FINRA punishes brokers for making unsuitable trade recommendations to investors, but investors likely need a private attorney to recover the losses with such brokers. Please call us at 303-300-5022 for more information. Below are recent actions by FINRA concerning brokers who have been punished for making unsuitable trades:
FINRA suspended Kyle Back, a securities broker in Blacklick, Ohio, for five months for unsuitable trades he recommended for his investors’ accounts. Without admitting or denying the findings, Back consented to the suspension and to the entry of findings that he engaged in “a pattern of unsuitable short-term trading of mutual fund and front-loaded unit investment trust (UIT) transactions.”
Mr. Back recommended the purchase of mutual fund and UITs and the subsequent sale of these products within a year of purchase. Both are front-loaded products (the mutual funds were A shares) intended to be held long term. The front end load means that there are significant costs up front that are lost if the investments are traded quickly.
As the release from FINRA has stated, “Within the accounts, the mutual fund share positions sold within a year of purchase resulted in a net loss to customers of $4,849. Similarly, the UIT positions sold within a year of purchase resulted in a net loss to the customers of $117,457.” While the investors were losing money, the investments were benefitting Back. The transactions resulted in approximately $46,718 in commissions to Back. Back failed have a reasonable basis to believe that the short-term trading of these front-loaded products were suitable for customers.

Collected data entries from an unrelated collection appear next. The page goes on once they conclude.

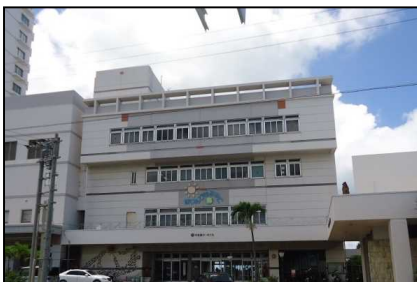
平良港マリントーミナルビル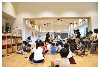
富山県美術館でのワークショップ

県美術館、水墨美術館、立山博物館、高志の国文学館において、子ども向けのワークショップなど教育普及活動を実施する。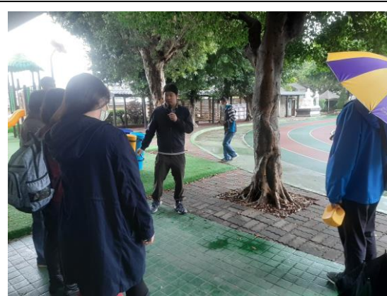
說明：教師護樹研習(上學期)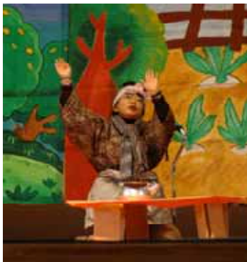
保健福祉課職員も熱演!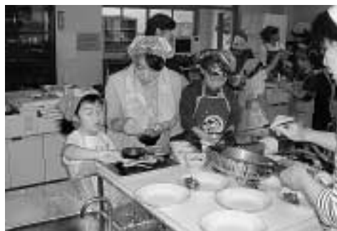
家族料理教室の様子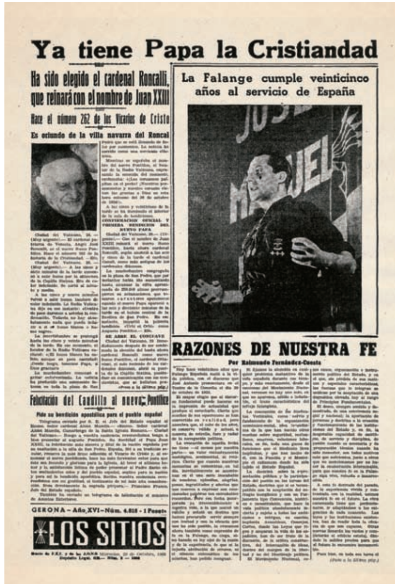
>> Primera pàgina del diari Los Sitios del 29 d'octubre de 1958.

Arribats al 29 d'octubre de 1958, vint-i-cinquè aniversari de la fundació de la Falange, els periodistes gironins es van trobar amb un conflicte d'interessos que havia d'acabar en una grotesca col·lisió. El dia abans a la tarda, mentre les campanes dels temples gironins efectuaven el « Repique general » que anunciava l'inici oficial de les Fires, els cardenals de l'Església catòlica reunits a Roma elegien el successor de Pius XII, el papa —i avui sant— Joan XXIII. La notícia, com era obvi, havia de sortir destacadament a la primera pàgina. El diari, però, no volia —o no podia— renunciar a la seva efemèride. La solució d'un dilema que per a ells devia ser tan greu va ser maquetar una portada amb una combinació maldestra, digna de passar a l'antologia dels pitjors disbarats periodístics. La capçalera del diari va quedar relegada al lloc més inhòspit: a baix de tot, a la part inferior esquerra. Pel que fa a la resta, la imatge que reproduïm val més que mil paraules. Podem dir només que el lector apresat que va consultar el diari aquell matí, en conjugar el titular de dalt de tot amb la gran fotografia col·locada sota seu, va poder creure, per un moment, que els purpurats de Roma havien elegit com a nou Pontífex José Antonio Primo de Rivera.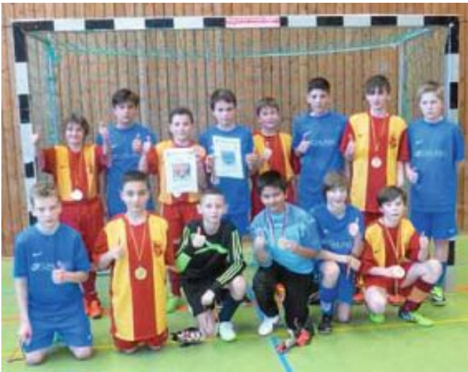
Die stolzen D1-Teams aus Calw und Altburg nach der Medaillenübergabe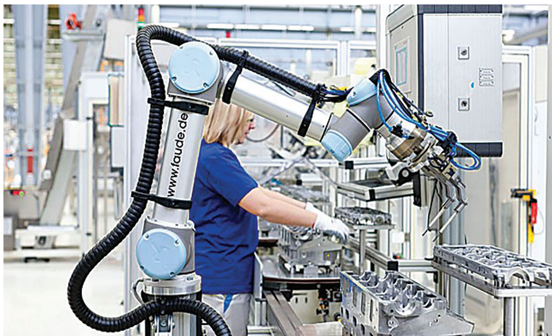
Slika 5 Suradnja kobota UR10 i radnika u industriji motora [19]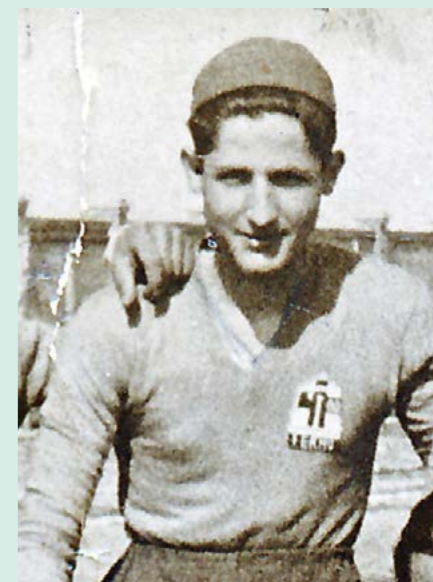
Elvio Matè è il più prestigioso calciatore fermano. Nasce sul Colle Sàbulo nel novembre 1921 e inizia la sua carriera calcistica in quello che è stato il primo e più famoso vivaio della Fermana: i "Pulcini di Hajos", così chiamati dal nome dell'allenatore (l'ex nazionale ungherese Arpad Hajos) che nel 1934/36 guidava contemporaneamente sia la prima squadra che le giovanili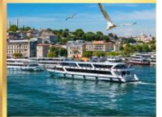
เรือเฟอร์รี่

เที่ยวครบเส้นทางยอดนิยม บินเข้าถึงเย็น เข้าชมสุเหร่ายักษ์คามลิก้า และล่องเรือเฟอร์รี่ ชมเทศกาลทิวลิปแห่งนครอิสตันบูล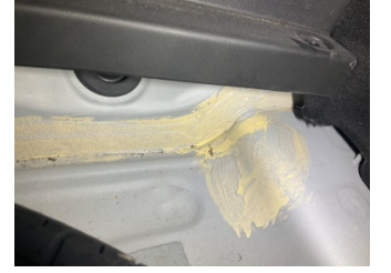
Arka bölüm, Bagaj havuzu > Standart Dışı Onarım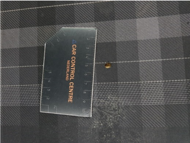
2. Diverse interieurdelen

Likewise, Matthew John Davis, a stockbroker from Murrieta, California, was barred from association with any stockbrokerage firm. Without admitting or denying the findings, Davis consented to the sanction and to the entry of findings that he refused to appear for FINRA on-the record testimony regarding allegations that he engaged in misconduct in several customer accounts, including conversion, misrepresentation of customer holdings and account values, forgery of account related documents, discretionary and/or unauthorized trading, efforts to settle a customer complaint away from his member firm, and unsuitable recommendations.